Но обо всем по порядку.
Страсть
Это в нем самое поразительное — Эжен абсолютно, вопиюще нормальный. С трудом верится, что такой ладный, фактурный, благополучный — и пишет стихи.
Ни тебе двузначного числа диоптрий перед носом, неприкаянности или сальности, нет у него татуировок, алкогольной зависимости, замашек на пресвятую академичность или там поджатого рта культуртрегера. Шик, броский стиль, шуточки, прекрасная физическая форма, улыбка, за которой следуют упряжки трогательных симметричных морщин в уголках глаз.
Шесть лет назад он бросил мне в одной из соцсетей: «Катя, это Вы написали то-то?» Подумала, что это очередной лихой безумец, который будет приглашать на свидание или что-то в том же духе. Через пару сообщений оказалось, что нам есть о чем поговорить, кроме «писатель-читатель».
Не помню, когда и как мы стали друзьями. Уже привязавшись к чувству юмора, вкусу и портрету своего собеседника, очень боялась его читать, дабы не разочароваться. Современная поэзия, кроме желания не читать, редко вызывает у меня что-либо.
И вдруг я вижу это:
К утру распускались ирисы,
Руки,
Жадные до объятий.
Вместо праздничных ваз —
Пустые бутылки кьянти.
И какой-то приятель,
Собственно,
Был всегда…
Кстати,
Почему они все напрягаются,
Чуя меня вблизи?
Я шучу.
И не трать усилий на то,
Чтобы объяснять мне.
От вина начинает клонить ко сну,
Головой — на твои колени,
А ты гладь,
Распускай мои волосы
Так, точно ты — Офелия,
А колени твои — есть гладь:
Слой прозрачной, морской воды…
Завтра будет хороший день,
Полный света и красоты;
Жизнь вдохнет нас опять
Теплым ветром,
Пришедшим с Юга…
Я уйду от тебя
В молчании,
Почти без звука.
Ты уйдешь от меня
В молчании,
Почти без звука.
Обычные, повседневные слова. Ровно столько, сколько нужно — явно отмерено не на глаз. И те самые, которые должны волновать молодого мужчину: колени, кьянти, объятия. Это та самая простота, сделать которую сложнее всего. Обнаженная натура.
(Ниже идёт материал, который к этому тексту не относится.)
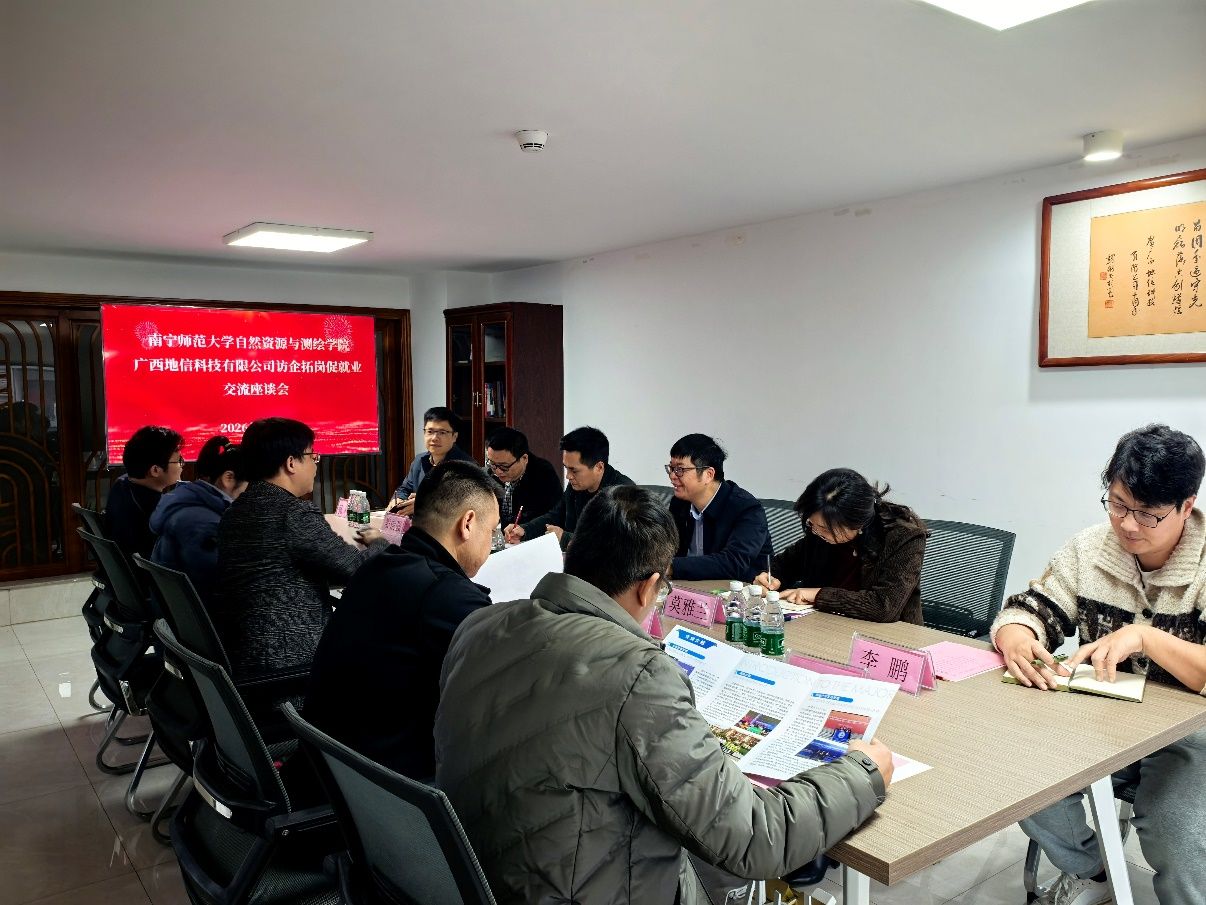 为进一步加强校企合作,拓宽毕业生就业渠道,了解企业人才需求,向企业精准推介毕业生,推动产教研深度融合。2月3日,学院院长陆汝成、党委副书记全广铭(主持党委工作)、党委副书记莫雅兰、房地产开发与管理系主任娄信强、土地资源管理系副主任张利国以及测绘工程系副主任李鹏等一行前往广西地信科技有限公司开展“访企拓岗促就业”调研活动。广西地信科技有限公司总经理李睿华、综合规划部部长李雪君、检测实验室主任黄永和以及技术主干余潮等参加了此次调研座谈。
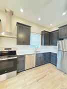 Inside, you’ll find a stunning chef’s kitchen complete with custom dark wood cabinetry, quartz countertops, a deep sink, stainless steel appliances, and a sleek vented range hood. The kitchen flows into the open living and dining area, where vaulted ceilings, recessed lighting, and wide-plank luxury vinyl floors create an elegant yet inviting atmosphere. The spacious living area is enhanced by a modern wood-and-iron staircase, large closets with louvered doors, and thoughtfully placed ceiling fans. Both bedrooms feature ample closet storage, oversized windows for natural light, and wood-style flooring that continues throughout the home for a seamless design. The bathrooms showcase tile flooring, contemporary vanities, matte black fixtures, and crisp neutral tones, bringing a spa-like feel to your daily routine. Additional touches include energy-efficient windows, central heating and cooling, an in-unit laundry hookup, and private covered front porch. Plus, residents enjoy parking in the rear of the building via a convenient on-site parking lot. Perfectly located, the property is minutes from restaurants, shops, banks, medical offices, the public library, and Emma C. Chase Elementary. Enjoy outdoor recreation at the nearby D & H Canal Linear Park Trail, Wurtsboro Ridge State Forest, and Yankee Lake. Commuters will love the quick access to Route 209 and the Sullivan Street intersection, leading directly to Route 17 (Interstate 86). From there, you’re only minutes from Resorts World Catskills Casino, Kartrite Indoor Water Park, and just a 40-minute drive to LEGOLAND New York Resort. Major medical care is also within reach — less than 30 minutes to Garnet Health Medical Center – Catskills and Garnet Health Medical Center – Middletown. This residence combines modern luxury, thoughtful design, parking convenience, and a prime location, making it an exceptional rental opportunity in the Hudson Valley.
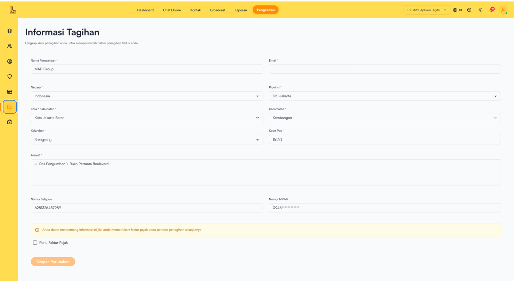 Masuk ke menu Pengaturan > Informasi Tagihan. Setelah itu sistem akan menampilkan halamanĀ Informasi Tagihan, lalu isi informasi seperti:

— Что для тебя значит писать? — спрашиваю его во время нашего разговора.
— Это значит, что у меня нет выбора…
И это действительно стихи человека, который не выбирает, а по необходимости присваивает слова, оплачивая каждое, заменяя часть себя на то самое, единственное. Здесь по умолчанию считается, что ты знаешь слово «конгруэнтный» без специально обученного поэта. Натуральный обмен, который происходит в пространстве не вымученного, а естественного, как дыхание, письма. Знает на собственной шкуре текущий курс обмена. Эжен сосредоточенно относится ко всему, что извлекает голосовыми связками или на письме. С непривычки трудно понять, когда он шутит, а когда — нет.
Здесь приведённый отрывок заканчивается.